Covering 300 major cities across the world with hourly updates
Air pollution kills more than 7 million people every year according to the WHO — more than malaria, tuberculosis and AIDS combined. Yet the data needed to monitor, analyze and act on this problem is scattered across dozens of heterogeneous sources, in incompatible formats, with very different update frequencies.
This Big Data project addresses this challenge by building an end-to-end platform that ingests data from three complementary sources, enriches it with machine learning, and exposes it in an interactive near-real-time dashboard.
Measurements from certified physical monitoring stations — the same source as IQAir and the WHO. US EPA AQI scale (0–500). Uneven coverage, data sometimes missing.
European atmospheric model (Copernicus). Never any missing data. Also provides weather variables: wind, rain, humidity, boundary layer height.
Air-pollution-attributable disease burden by country: COPD, lung cancer, lower respiratory infections, in DALYs/100k inhabitants. Contextualizes the health impact of pollution.
The strategy: WAQI is the primary source (certified data), Open-Meteo is the automatic fallback (universal coverage), and WHO enriches each record with the country's health profile. Every document carries a data_source field tracing which source was used.
s3://airquality-datalake/raw/… via LocalStackair_quality_realtimeair_quality_realtimeA Random Forest (scikit-learn, 150 trees) predicts the dominant pollution source for each city at each hour.
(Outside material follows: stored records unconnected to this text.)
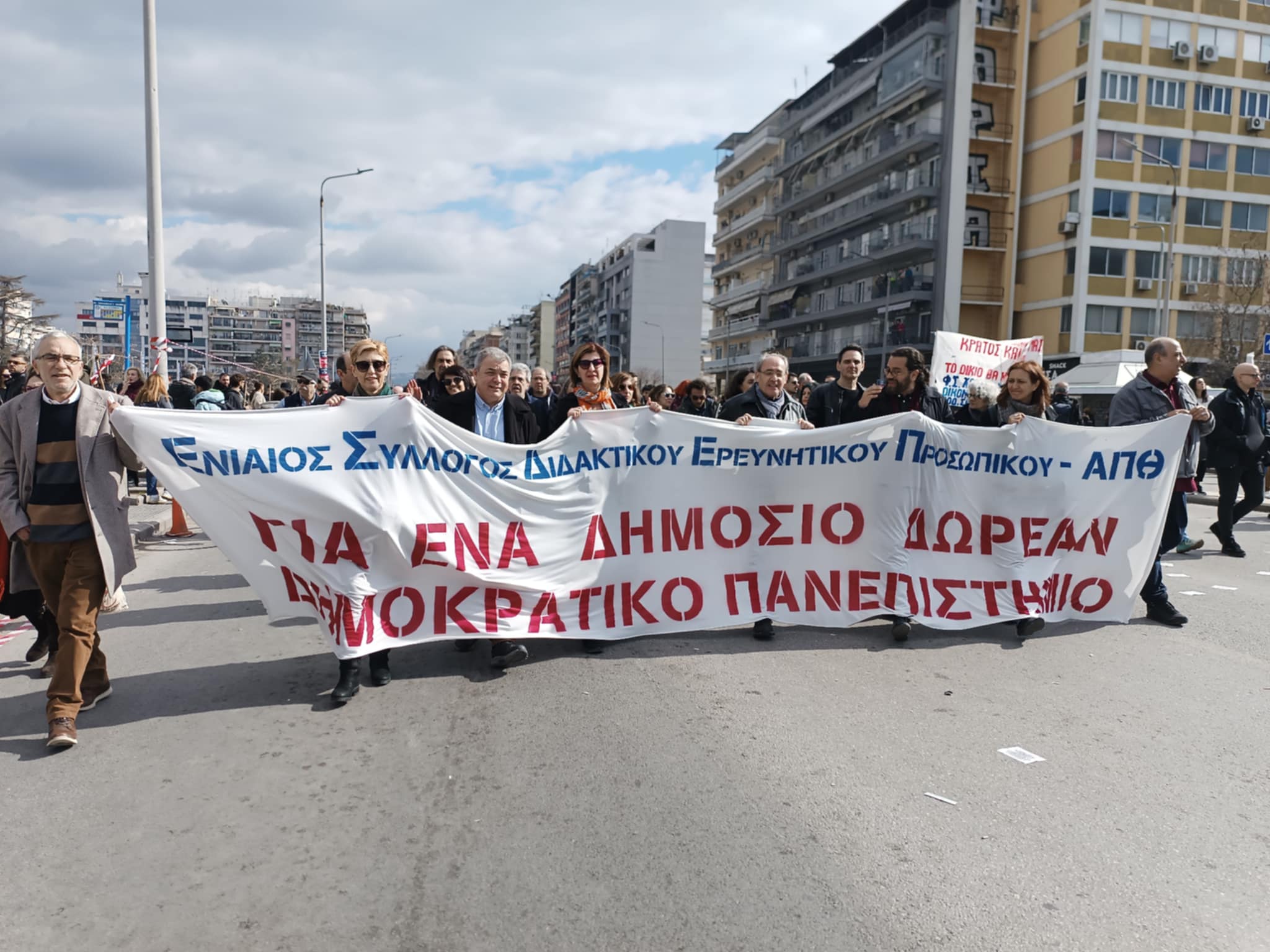 UPD 14:23: Μεγάλο το μπλοκ των πανεπιστημιακών του ΑΠΘ, φτάνει στον ΟΣΕ. Το Αριστοτέλειο Πανεπιστήμιο πλήρωσε μεγάλο «φόρο αίματος», καθώς 16 από τα 57 θύματα ήταν φοιτητές και φοιτήτριες του ιδρύματος. Μαζί φτάνουν τα μπλοκ των συνδικαλιστικών οργανώσεων εκπαιδευτικών.
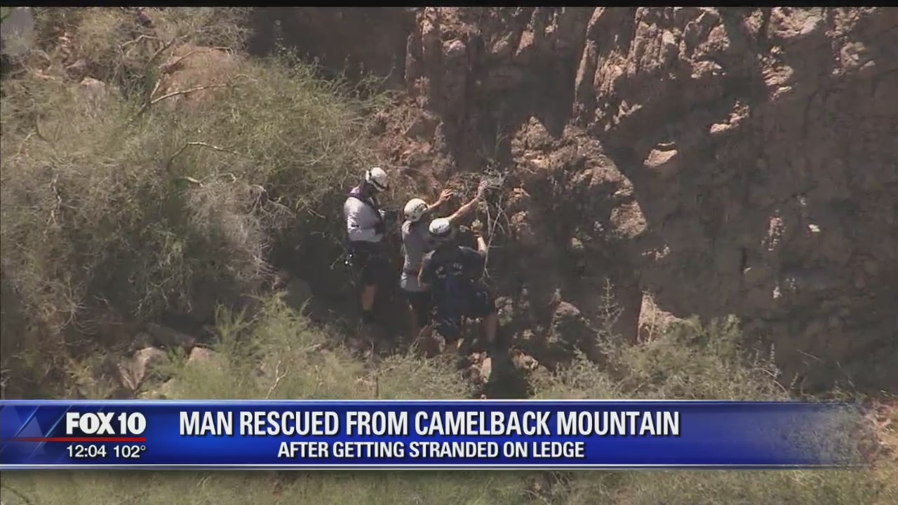 Crews have rescued a rescue man who was stuck on a ledge at Camelback Mountain.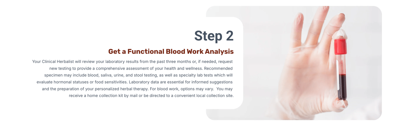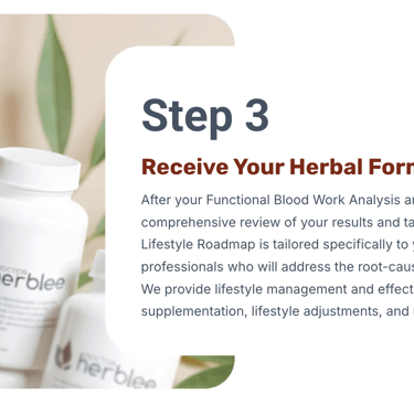 Each herbal formula is prepared by a Clinical Herbalist, specific to one's individual Lab-Work Analysis,

The five classes: traffic, industry, biomass_burning, dust, mixed.
The model is trained on synthetic data based on known pollution chemistry (high NO₂ → traffic, high SO₂ → industry, high PM2.5/PM10 ratio → biomass). The prediction confidence (source_confidence) is exposed in the dashboard.
pm_score = min(100, (PM2.5 / 12) × 20)
Current pollution level relative to the WHO guideline of 12 µg/m³.
disease_score = min(100, (total_dalys / 2500) × 100)
The country's air-pollution-attributable disease burden (WHO GHO), normalized against the worst case among our 300-city countries.
mixing_penalty = max(0, 1 − boundary_layer_height / 2000)
A low boundary layer traps pollution near the ground instead of letting it disperse.
heat_factor = 1 + max(0, (temp − 30°C) / 20) × max(0, (humidity − 60%) / 40) × 0.30
Hot, humid conditions make the same level of pollution more dangerous to breathe.
This formula combines exposure (PM2.5), population vulnerability (WHO GHO total DALYs per country), and dispersion conditions (atmospheric boundary layer height). The heat factor amplifies risk during humid heatwaves.
Concrete example: Lagos and Paris may have the same PM2.5, but Lagos scores much higher because Nigeria's total_dalys ≈ 2339/100k versus ~426 for France. The highest value across our 300-city countries (≈2461/100k) belongs to Ukraine, which is used as the normalization ceiling (2500).
Every JSON file is automatically replicated into an S3 bucket airquality-datalake hosted by LocalStack, a local emulation of AWS. Migrating to real AWS S3 requires changing a single parameter (S3_ENDPOINT). The mechanism is non-blocking: an upload failure never stalls the main pipeline.
Delhi and Lahore regularly show AQI > 300 in winter, correlated with boundary layers below 200m that trap pollution like a lid. Lagos has one of the highest risk scores despite a moderate AQI — the high prevalence of air-pollution-attributable diseases (WHO GHO) makes all the difference. Tokyo shows the opposite effect: favorable atmospheric conditions and a high boundary layer keep risk low despite extreme urban density.
The main challenge: missing WAQI data (offline stations, "-" values). Solution: graceful fallback to Open-Meteo with data_source traceability.
The WAQI × Open-Meteo join required a unit conversion: WAQI provides an aggregated AQI (0–500), Open-Meteo provides raw concentrations (µg/m³). The EPA conversion was implemented against official tables with cross-validation.
Ordered Docker startup (a dozen services with complex dependencies) is handled by Compose health checks and wait loops in start.sh.